Mary Beard’s SPQR: A History of Ancient Rome wasn’t really what I expected, which threw me off while I was reading it, and took me a bit to come to grips with after I finished.

What I was expecting was… a history of ancient Rome. Start at the beginning, proceed through the end, telling the reader what we know and how we know it, explaining along the way the uncertainties that we still have and the gaps in our knowledge and maybe occasionally “things we thought we knew, but we were wrong,” when they’re common-enough misperceptions.

But in fact this is kind of “Mythbusters: Rome Edition.” The book is really organized as series of anecdotes about individual periods of Roman history, in loose chronological order. For most of them, Beard will give a retelling of the old, accepted story of that event, and then freeze frame, pull back the curtain, and here’s why you shouldn’t necessarily believe that, and here’s what we really know nowadays. (Which in many cases is: honestly not a whole lot.)

And so while I was reading it at first, it felt like cotton candy fluff, a bunch of glossy “Did you know…?” blurbs all connected together. I kept waiting for the actual meat of the book to really kick in, and—in the sense I was expecting—it never did. Frustrating.

But as I’ve had a chance to think about it, my reaction has grown more positive. Yeah, okay, it’s a high-level history—it’s a relatively short volume that covers 1000 years, it almost has to be. And yes, it’s not the comprehensive history I wanted. But there’s legitimate value in unteaching the mythology of history, in explaining why sources that have been historically taken at face value shouldn’t be. And there’s value in explaining the methods of modern history and the kind of evidence that historians look for, and have available.

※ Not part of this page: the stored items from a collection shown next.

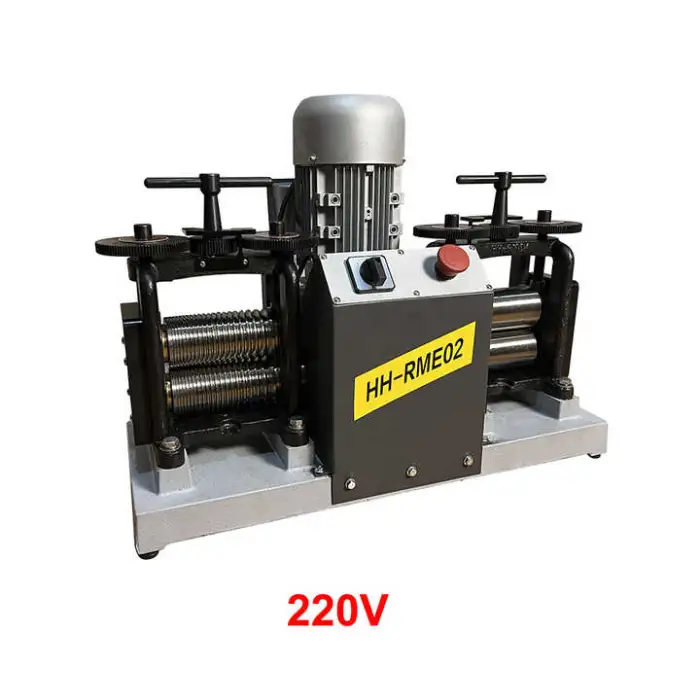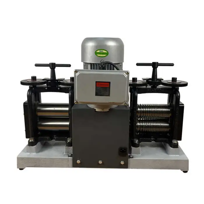 This double-head electric rolling mill is designed for jewelry making tasks such as flattening, shaping and texturing metal sheet and wire. It's suitable for creating and resizing rings, preparing metal for forming, and general jewelry fabrication for hobbyists and professionals.
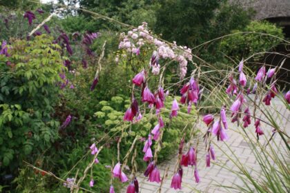 Dierama pulcherrima en RHS Garden Rosemoor Cottage Garden • RHS Alta y arqueada, con hojas …
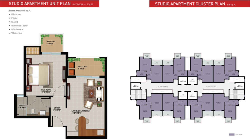 1 bhk + 1T | 615 Sq. ft. | 28,90,500 | View Plan |
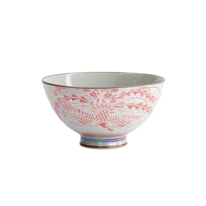 Modern and Past vous propose ce bol japonais Phoenix rouge, une pièce raffinée en porcelaine décorée d’un phoenix à l’intérieur et d’un somptueux motif rouge en relief à l’extérieur.
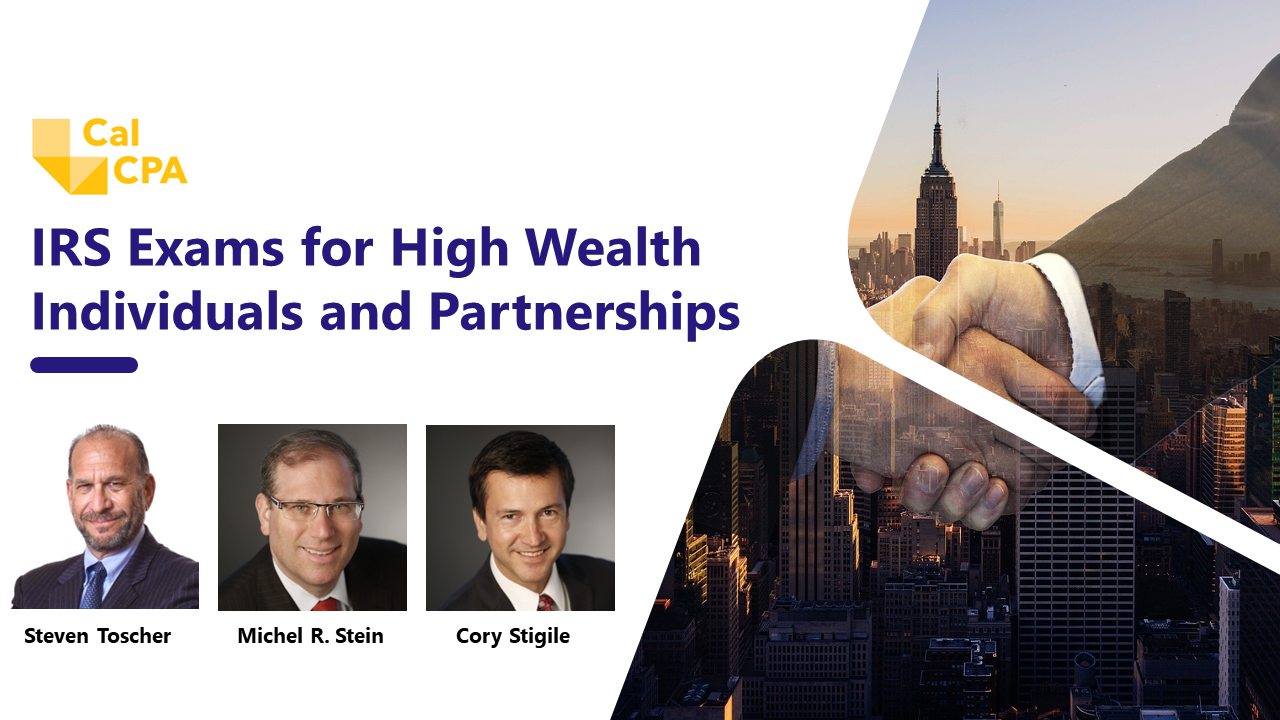 We are pleased to announce that Steven Toscher, Michel R. Stein and Cory Stigile will be speaking at the upcoming CalCPA IRS Exams for High Wealth Individuals and Partnerships webinar, Tuesday, December 10, 2024, 9:00 a.m. – 10:30 a.m. (PST).
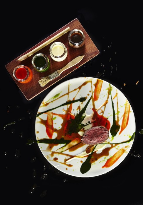 Does this dish remind you of the works of American abstract painter Jackson Pollock? Paint, a beef dish with little jars of spinach, potato, pepper and truffle jus
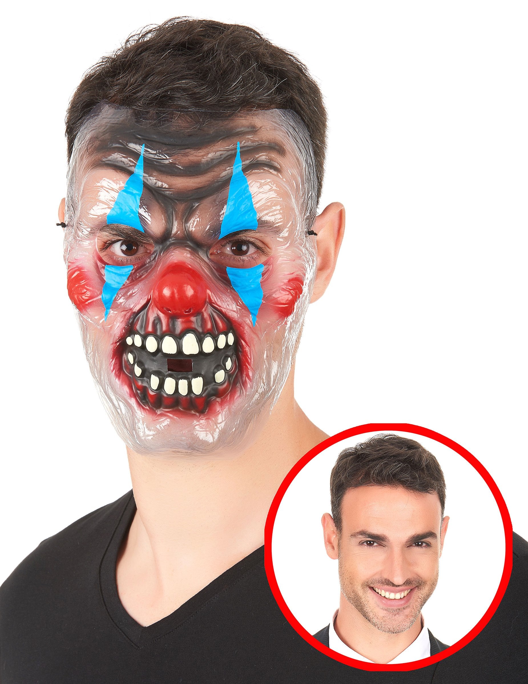Prozirna maska za odrasle obojene poput zlog klauna s iscrpljenim osmijehom. Prilog je fina elastika za prolazak iza glave. Da biste, na primjer, pristupili kostimu klauna za Noć vještica, ova će maska biti idealna za prikrivenu večer!
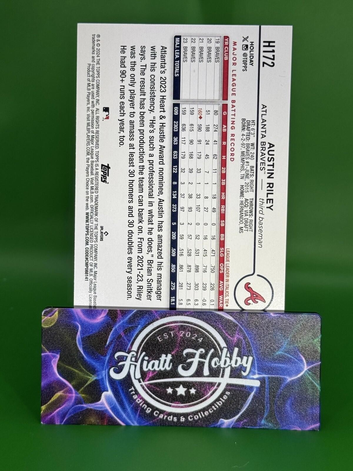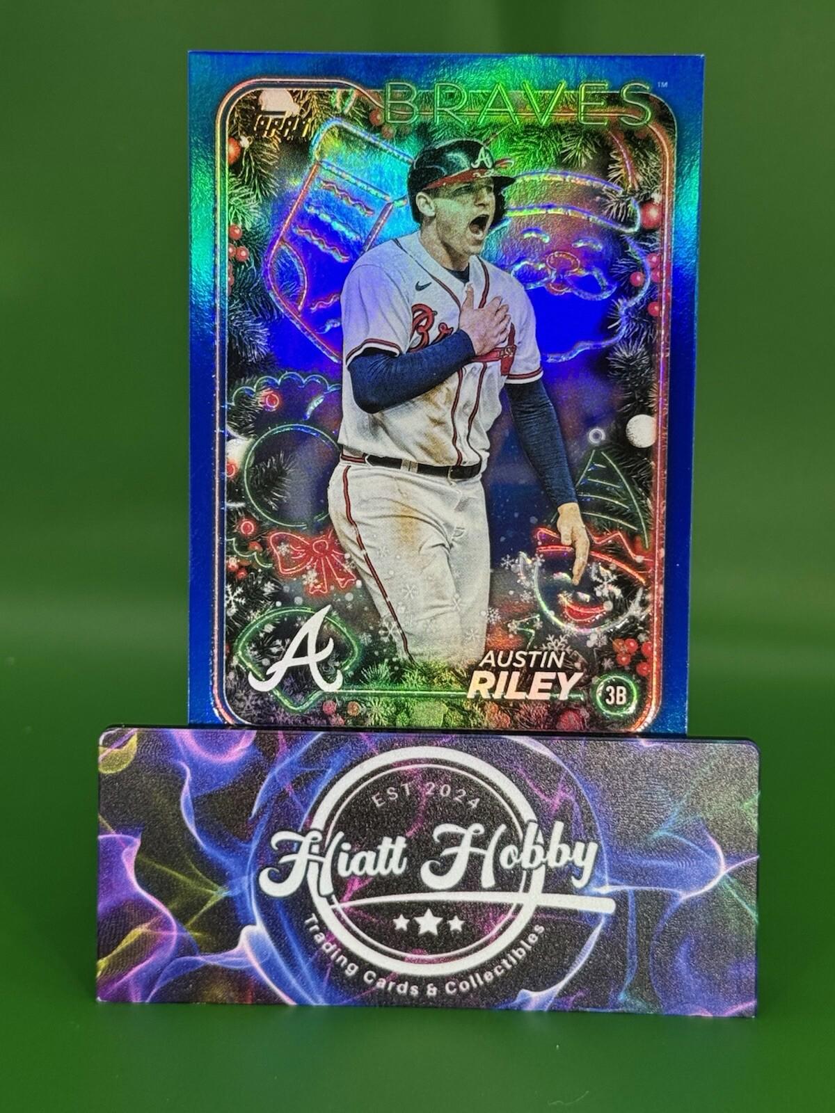 This 2024 Topps Holiday sports trading card features Austin Riley of the Atlanta Braves in a Holo Blue parallel/variety. The card is part of the 2024 Topps Holiday set and has the card number H172. It is a great addition for any Major League (MLB) fan looking to complete their collection.
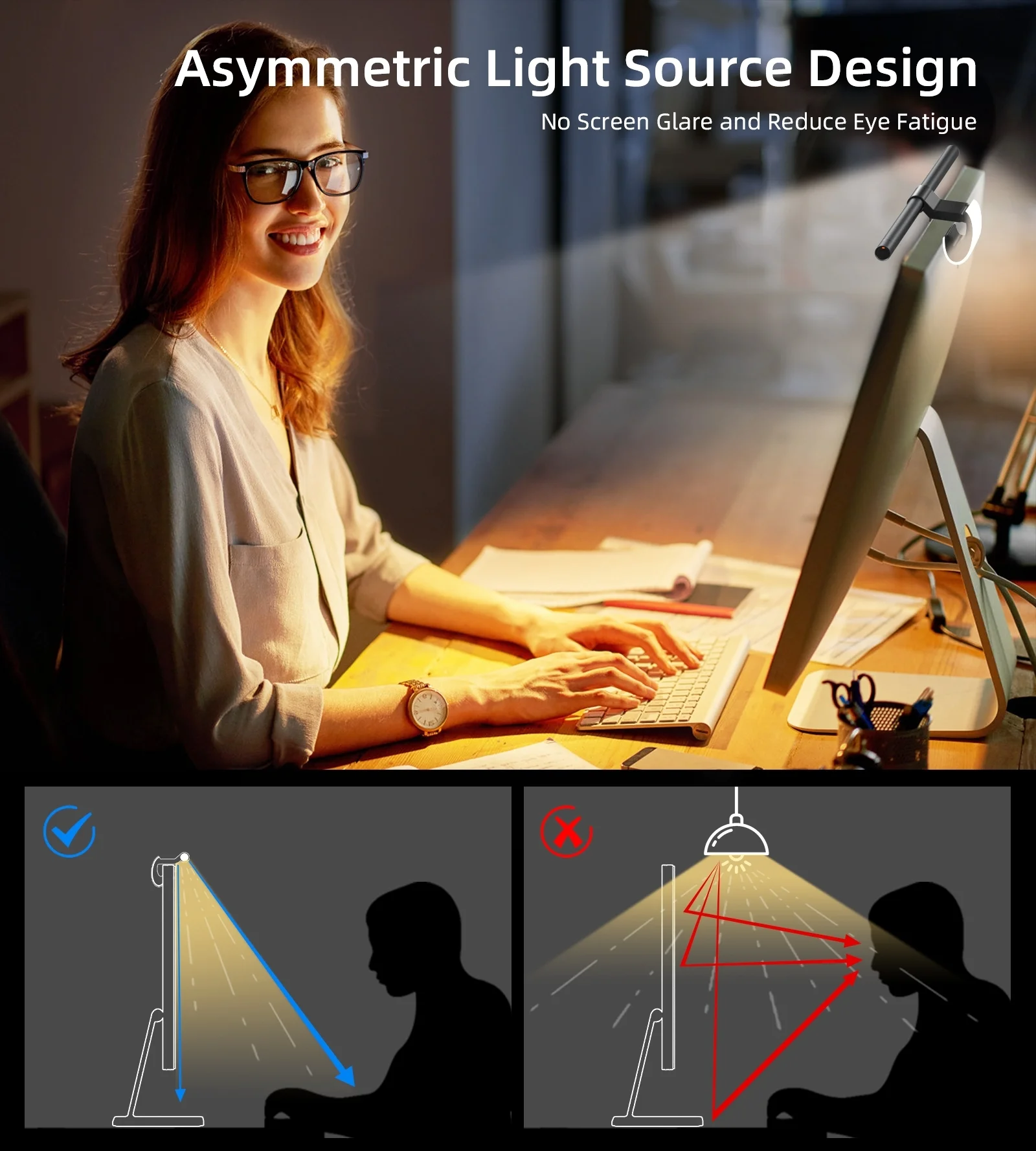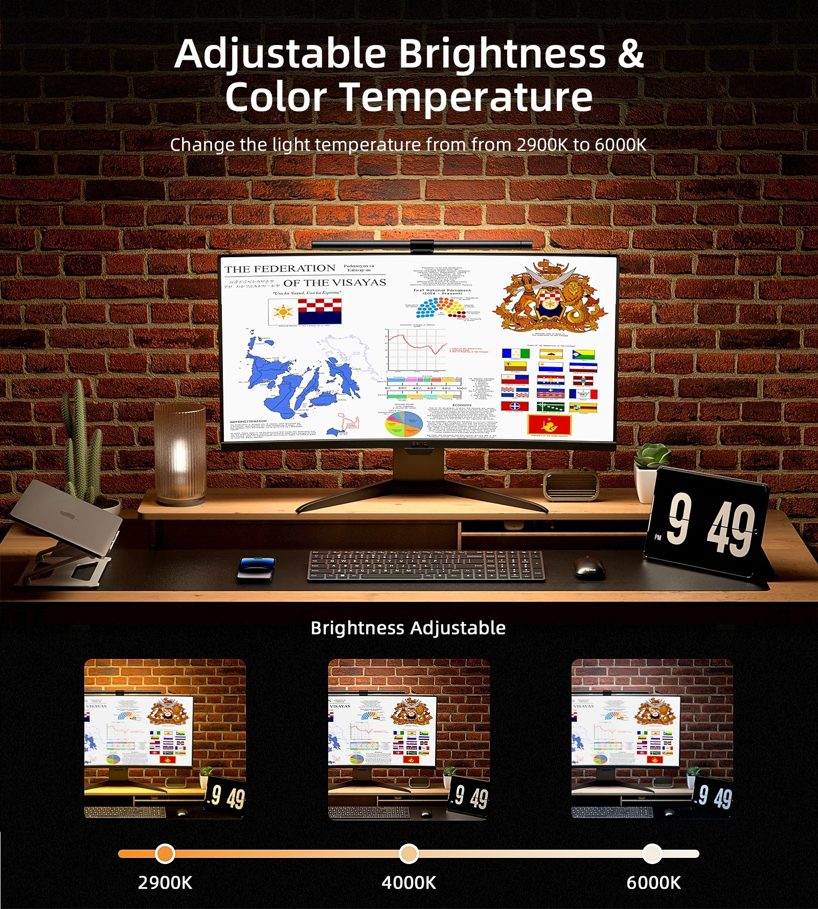 Thanks to the mounting on the monitor, the lamp perfectly illuminates only the working space on the desk. Due to the use of two sets of LEDs with different color temperatures, the emitted light has three colors.

And of course, there’s value in looking beyond the stories of the nobility into the history of the “regular” people of Rome, the history of women, and the history of slaves, which Beard also does.

It’s still not the book I want—I want the book that does all that stuff in the context of telling a detailed history—but it’s a book that’s worth reading if you want an accessible, quick overview of modern historical understanding of Roman history.